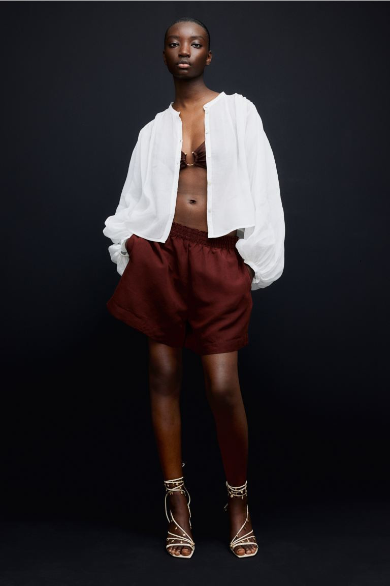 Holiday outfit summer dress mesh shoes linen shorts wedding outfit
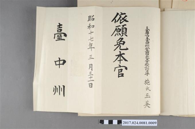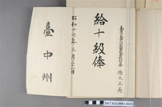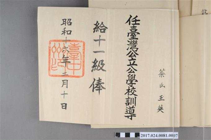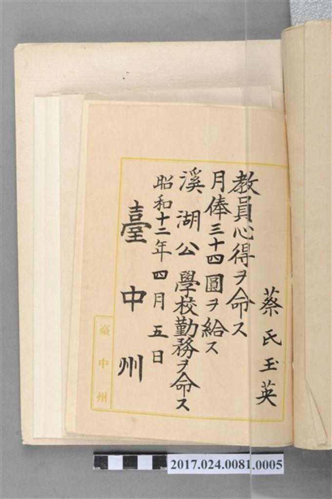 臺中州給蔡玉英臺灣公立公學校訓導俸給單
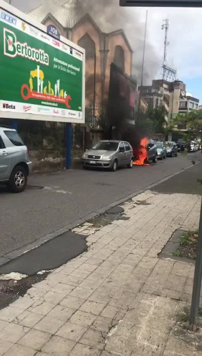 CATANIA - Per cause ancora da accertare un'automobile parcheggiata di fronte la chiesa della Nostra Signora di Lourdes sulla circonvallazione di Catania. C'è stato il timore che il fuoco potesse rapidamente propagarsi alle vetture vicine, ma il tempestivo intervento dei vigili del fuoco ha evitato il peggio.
————————
▸ WORK TO BE COMPLETED:
Skip every picture and transcribe the data above exactly.

▸ EXPECTED ANSWER:
 Holiday outfit summer dress mesh shoes linen shorts wedding outfit
 臺中州給蔡玉英臺灣公立公學校訓導俸給單
 CATANIA - Per cause ancora da accertare un'automobile parcheggiata di fronte la chiesa della Nostra Signora di Lourdes sulla circonvallazione di Catania. C'è stato il timore che il fuoco potesse rapidamente propagarsi alle vetture vicine, ma il tempestivo intervento dei vigili del fuoco ha evitato il peggio.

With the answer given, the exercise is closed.